Isitt turns this account on its head. While many members of the Labour-Progressive Party (Communist Party of Canada before 1959) left the party in the late 1950s, its influence within B.C.’s labour movement never completely disappeared. Likewise, many Co-operative Commonwealth Federation (CCF) members in B.C. felt alienated by the creation of the New Democratic Party (NDP) in 1961, feeling it was too bureaucratic and represented merely an electoral machine instead of a social movement. It would be these members of what Isitt would call the “militant minority” that would bridge the gap between the Old and New Left in B.C.

Both the Old and New Left in B.C. would come together in the 1960s in the feminist, Indigenous rights, and peace movements. The conservatism of the NDP and the stale authoritarianism of the Communist Party also gave rise to new Trotskyist and Maoist movements that did not shy away from direct action. As Isitt explains:

Tied to the increased participation of women in the paid labour force, and ongoing male domination in labour unions and left parties, a layer of working-class women embraced women’s liberation and the ideology of socialist feminism, demanding pay equity, public child care, and reproductive choice; these women worked to change the unions and parties, and some employed forms of direct action that conflicted with the narrow electoralism of the social-democratic NDP (p. 198).

And despite the fact that the left had managed to survive the 1950s and begin to re-emerge, Isitt explains how ultimately the burst of movement energy in the 1960s would be undermined by the economic and social changes of the “tug-of-war.” Isitt discusses the rise of the suburb and technologies like television as a major reason for splintering working class solidarity and culture. Workers became more locationally diffuse no longer having all members of a single plant living in one area. Television was going to exalt the consumer age and create one mass culture, undermining traditional working class cultural expressions.

The world was changing fast, and by the time the B.C. NDP won power in 1972, the early stirrings of a renewed unconstrained capitalism – what we now call neoliberalism – was beginning to take shape. This would limit the government’s agenda.

Isitt ends his book before discussing in any real detail BC’s first NDP government, led by Dave Barrett, and its relationship to the labour movement and the rest of the left. He correctly identify that B.C.’s first NDP government made many important reforms like reforming the labour code and bringing in public auto insurance. However, at the same time, the government’s attacks on public sector workers and growing strained relations would help lead to its defeat in the 1975 election. Isitt notes that the B.C. NDP was transforming from a protest party into a status quo party.

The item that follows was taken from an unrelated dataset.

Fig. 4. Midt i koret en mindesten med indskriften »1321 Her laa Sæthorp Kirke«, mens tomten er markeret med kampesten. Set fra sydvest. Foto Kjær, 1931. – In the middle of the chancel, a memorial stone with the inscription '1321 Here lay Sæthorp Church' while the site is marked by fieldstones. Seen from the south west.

Isitt’s book is ultimately about his concept of the “militant minority,” those dedicated activists who kept the radical left alive through the ups and downs of the immediate postwar era. As to whether it is an ideal term or concept is certainly open to debate. This militant minority transformed over time. Many of its members gave up on radical politics in the 1950s. Also there were minorities among the minorities. Some radical CCF members were open to working with the Communists while many other radical CCF members were not. Though the Labour-Progressive and later Communist Party of Canada demonstrated a united line, many de facto factions existed. By the 1960s, there was only going to be limits on how Maoists and Trotskyists could coexist within mass movements. There was never one coherent militant minority protecting radical orthodoxy through the history of the B.C. labour movement.

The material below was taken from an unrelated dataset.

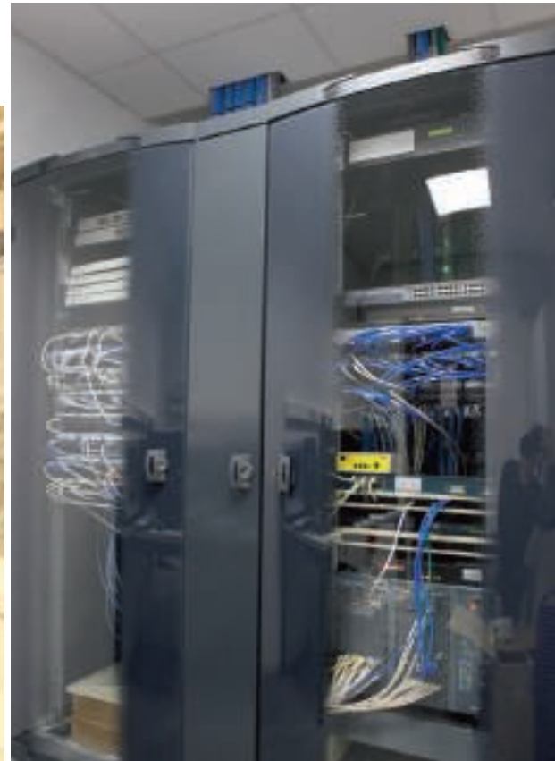
◀ Pour assurer le bon fonctionnement du magasin, tant au niveau du réseau informatique que téléphonie, 240 prises RJ 45 cat 6 FTP sont nécessaires.

Celebrating and studying those who continued on a struggle in dark times is important. But ultimately, we must look towards new ideas of organizing and building solidarities when it comes to transforming a militant labour movement and Left from a minority to a majority. What we can learn from the militant minority in the book, is that we must be aware how economic and social changes may require us to rethink traditional strategies.

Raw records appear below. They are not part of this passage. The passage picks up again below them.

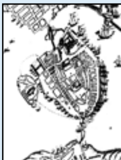
Karta från 1642 över Stockholm med Gamla stan och Riddarholmen.

Stockholms innerstad är en av Sveriges största fornlämningar med lämningar från tidig medeltid och framåt. Stockholms läge mellan Östersjön och Mälaren har resulterat i en maritimt präglad historia med ett stort antal fynd av bland annat vrak. Undersökningarna inför Citybanan är ett av de mest omfattande undervattensarkeologiska projekt som genomförts i Sverige.
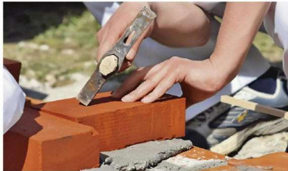
Изградња станова требало би да почне почетком 2017. године

ИЗБЕГЛА ЛИЦА КОНКУРИСАЛА ЗА СТАНОВЕ С НЕПОТПУНОМ ДОКУМЕНТАЦИЈОМ
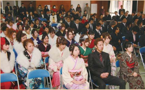
成人式に臨む89人の新成人(男子48人・女子41人)

ほくが生まれてから、12年になるうとしています。12年と言うと、長いようですがあつという間でした。次の年男を迎えるときには、化学の仕事に就いているように、これからも努力して勉強をしたいです。巳年生まれバンザイ!!

Nevertheless, Militant Minority is a detailed book detailing a piece of Canada’s Left and labour history that has been long overlooked. It is a great book to learn about many colourful and dedicated activists who aren’t exactly household names, but did so much to keep the movement going. It also features detailed appendices which include things like statistics on strikes in B.C. and even the Waffle Manifesto. It should be read to understand why radicals in Canada find themselves in the place they are now.